→ **Assignment**
Word for word, restate the data that follows, omitting the images.

→ **Data**

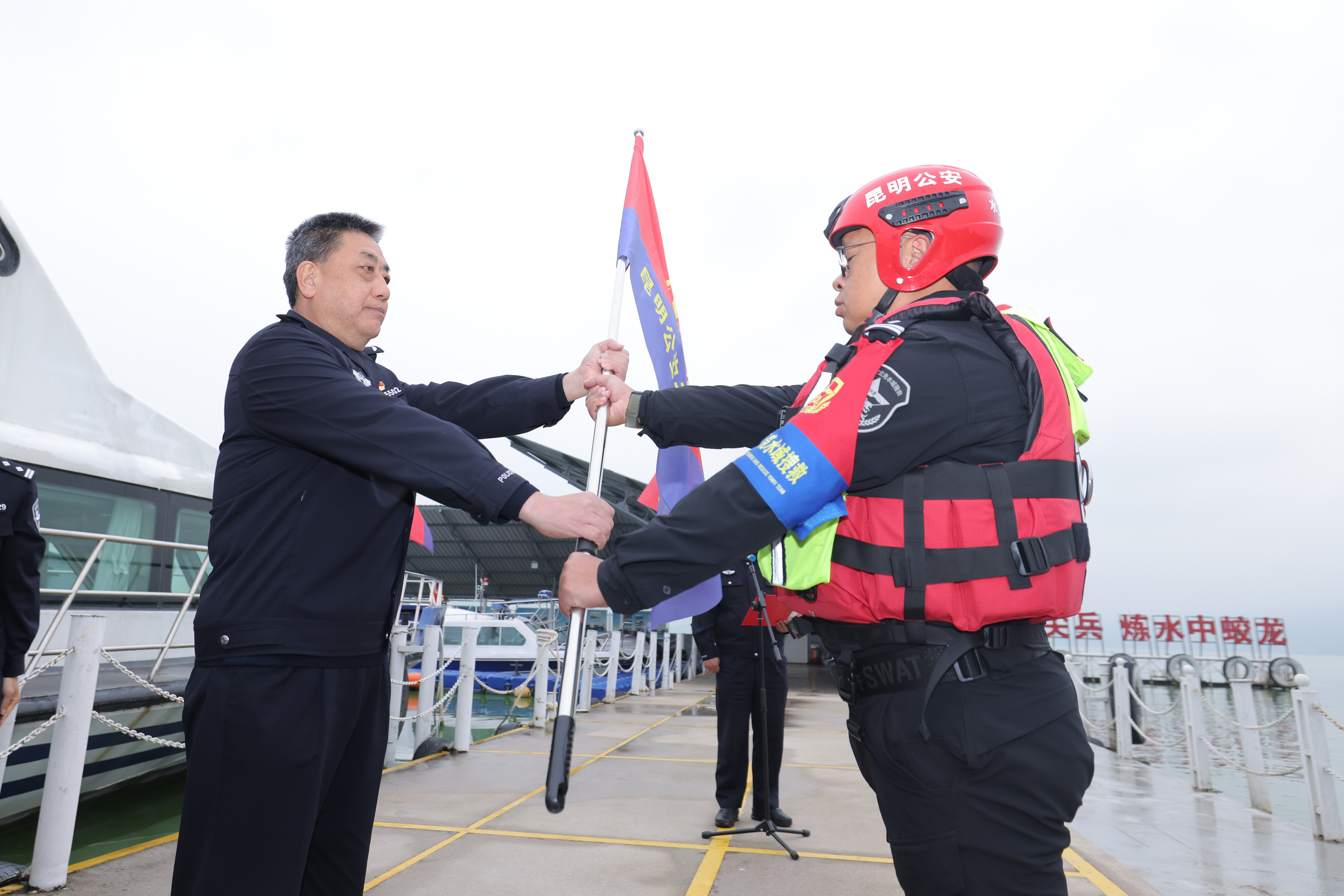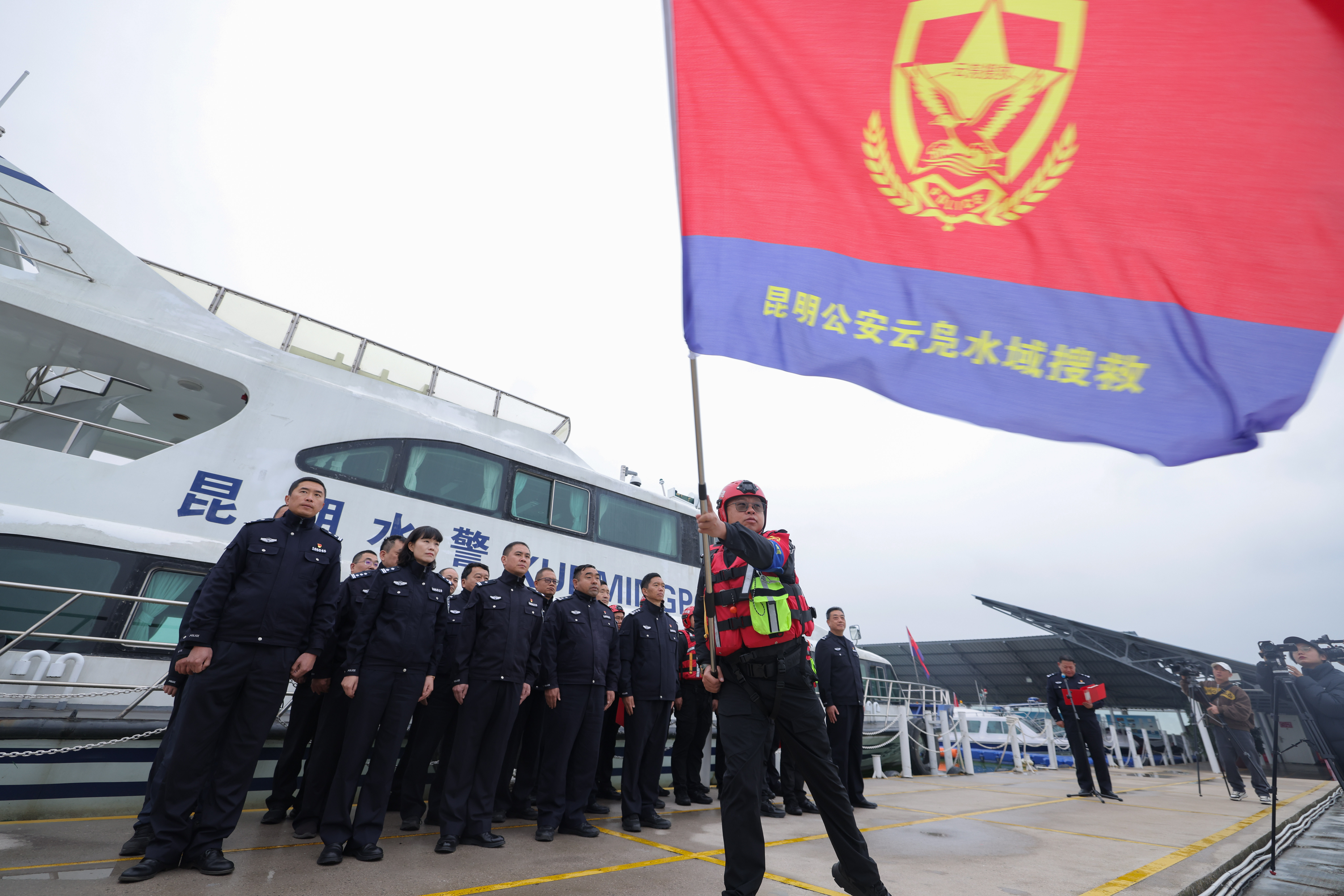 11月20日,昆明市公安局水上治安分局在滇池水上派出所(昆明水警码头)举行 “云凫” 水域搜救队授旗仪式暨实战演练活动,标志着一支专司滇池水域搜救的公安专业队伍正式启航。
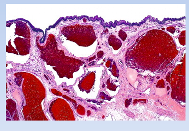 * This hemangioma was resected * This is typical of a hemangioma à there is very hemorrhagic, sponge-like tissue * The tissue shows a lot of vasculature filled with blood * Bottom: the vasculature becomes large, sclerotic and fills with blood * Macroscopic: * These are usually solitary lesions, but there may be multiple lesions * Typically these are less than 3 cm in size, but can become very large à these are called giant hemangiomas * Microscopic: * Virtually all consist of vascular spaces * These are mostly venous-type
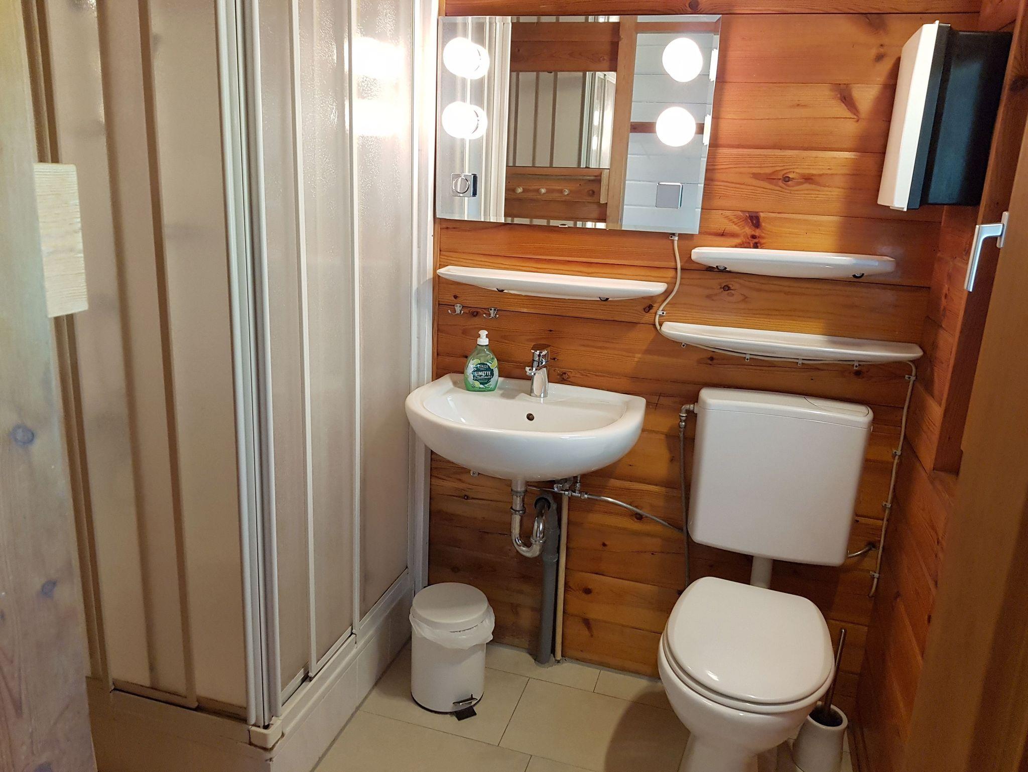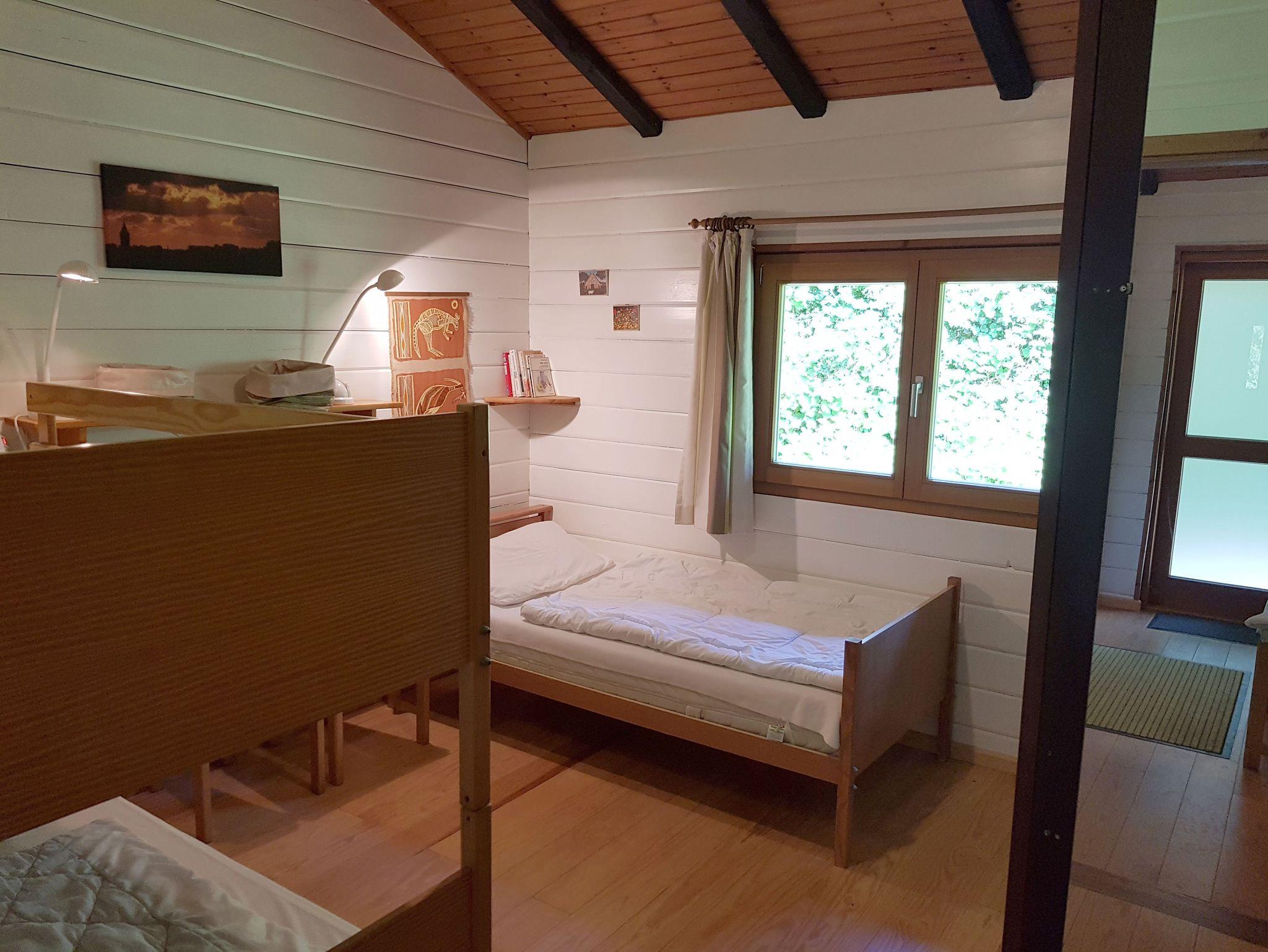 Das Blockhaus ist 54qm groß und bietet Schlafmöglichkeiten für 5 Personen. Es verfügt neben einem Schlafzimmer mit Doppelbett über ein Schlaf-/ oder Kinderzimmer mit Etagen- und Einzelbett sowie wahlweise zusätzlichem Kinderbett. Über den Flur erreicht man den Wohnbereich mit Südterrasse, integrierter Küche und Esstisch sowie das Badezimmer.

→ **Written solution**
 11月20日,昆明市公安局水上治安分局在滇池水上派出所(昆明水警码头)举行 “云凫” 水域搜救队授旗仪式暨实战演练活动,标志着一支专司滇池水域搜救的公安专业队伍正式启航。
 * This hemangioma was resected * This is typical of a hemangioma à there is very hemorrhagic, sponge-like tissue * The tissue shows a lot of vasculature filled with blood * Bottom: the vasculature becomes large, sclerotic and fills with blood * Macroscopic: * These are usually solitary lesions, but there may be multiple lesions * Typically these are less than 3 cm in size, but can become very large à these are called giant hemangiomas * Microscopic: * Virtually all consist of vascular spaces * These are mostly venous-type
 Das Blockhaus ist 54qm groß und bietet Schlafmöglichkeiten für 5 Personen. Es verfügt neben einem Schlafzimmer mit Doppelbett über ein Schlaf-/ oder Kinderzimmer mit Etagen- und Einzelbett sowie wahlweise zusätzlichem Kinderbett. Über den Flur erreicht man den Wohnbereich mit Südterrasse, integrierter Küche und Esstisch sowie das Badezimmer.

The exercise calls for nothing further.